This paper makes four contributions to the study of such performance-sensitive 
distributed multimedia search engines. First, we describe the architecture of 
MISE, the MediaSys Image Search Engine over a large scale network. 
Secondly, we present the search capabilities of MISE as companion part of 
image processing. Thirdly, various evaluations of MISE have been made in 
terms of image processing performances and compared to the performances of 
Xv, an equivalent image processing application written in C. 
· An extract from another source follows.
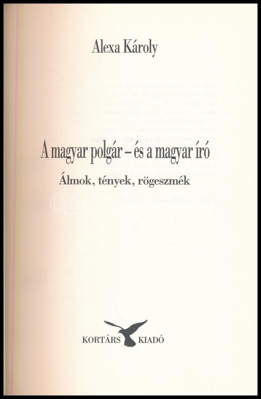 Alexa Károly: A magyar polgár- és a magyar író. Álom, tények, rögeszmé... https://www.darabanth.com/hu/435-Gyorsarveres/435.0/Konyvek/Konyvek-Egyeb-ritkasagok~2000022/Alexa-Karoly-A-magyar-polgar-es-a-magyar-iro-Alom-tenyek-rogeszmek-Bp-2003-Korta~II2645339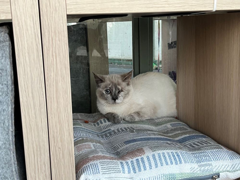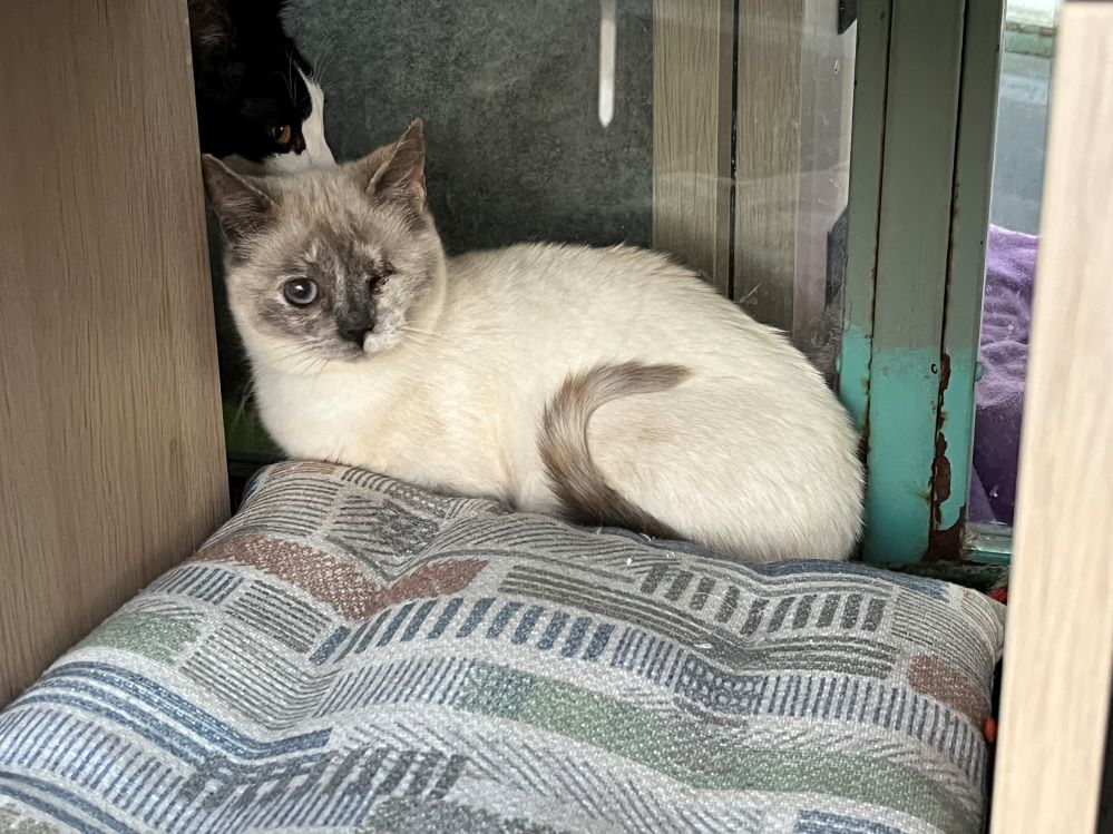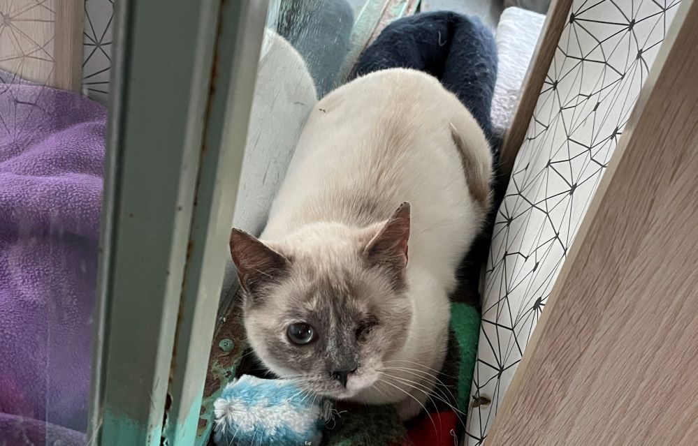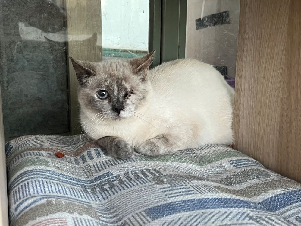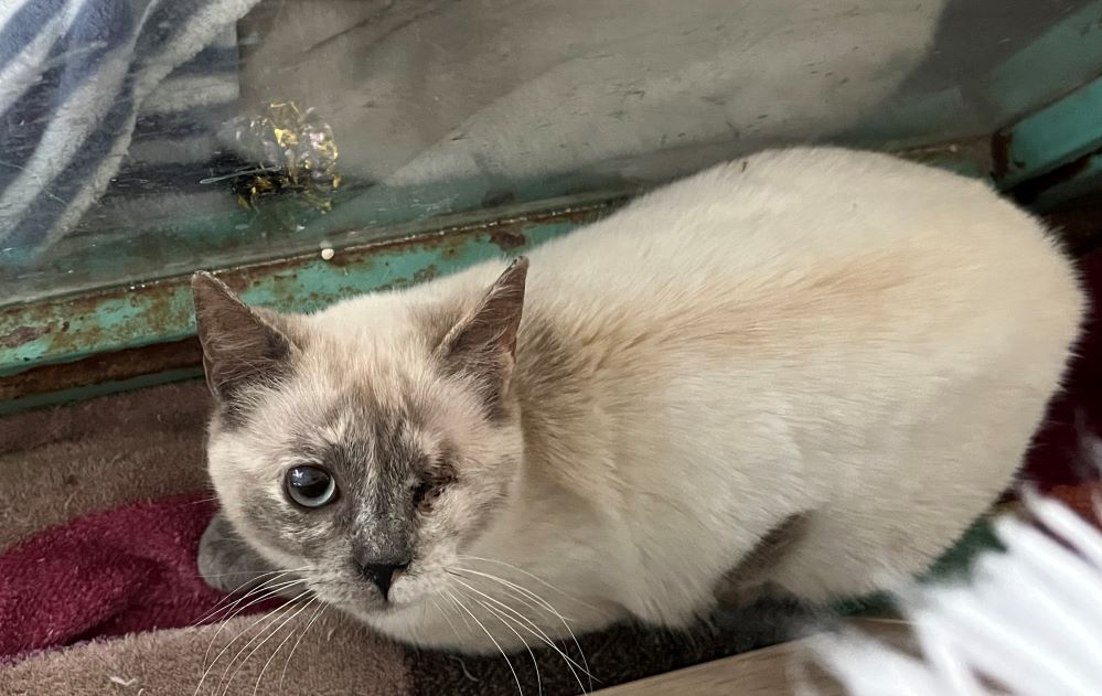 Historial de adopción:   Dulcinea llegó con un ojo mal, esto le producía mucho dolor.   Ha estado sufriendo hasta que hemos podido quitárselo.   Así estaba de asustada la pobre, cuando nos ve se esconde, pero parece que poco a poco se le va pasando.   Ahora que ya no tiene dolor empezará a relajarse y podremos disfrutar de ella, y ella de nosotros.

1. INTRODUCTION AND MOTIVATION 

Lot of works in the field of multimedia management systems have followed generic 
approaches and have developed visualisation tools in the field of search by content, 
mainly for images [33] [34] [25] [8] [9], and especially for the manipulation and the 
storage of features such as the colours, the edges, or the shape of the content of 
images. Also, the design of data structure has been studied for modelling [19], 
representing and storing multimedia content [11] as well as for accessing efficiently to 
multidimensional multimedia feature vectors [14] [31] [4] [17] [35]. However, 
problems of large scale distributed multimedia information systems such as the 
quality of the search, the performance, the flexibility, and the customisability have 
been mostly ignored. MediaSys provides such an extensible infrastructure for 
multimedia management. For instance, plug-ins for image operations or filters can be 
associated and integrated, even dynamically. This eases its upgrades according to the 
user's requirements and the evolving technology. 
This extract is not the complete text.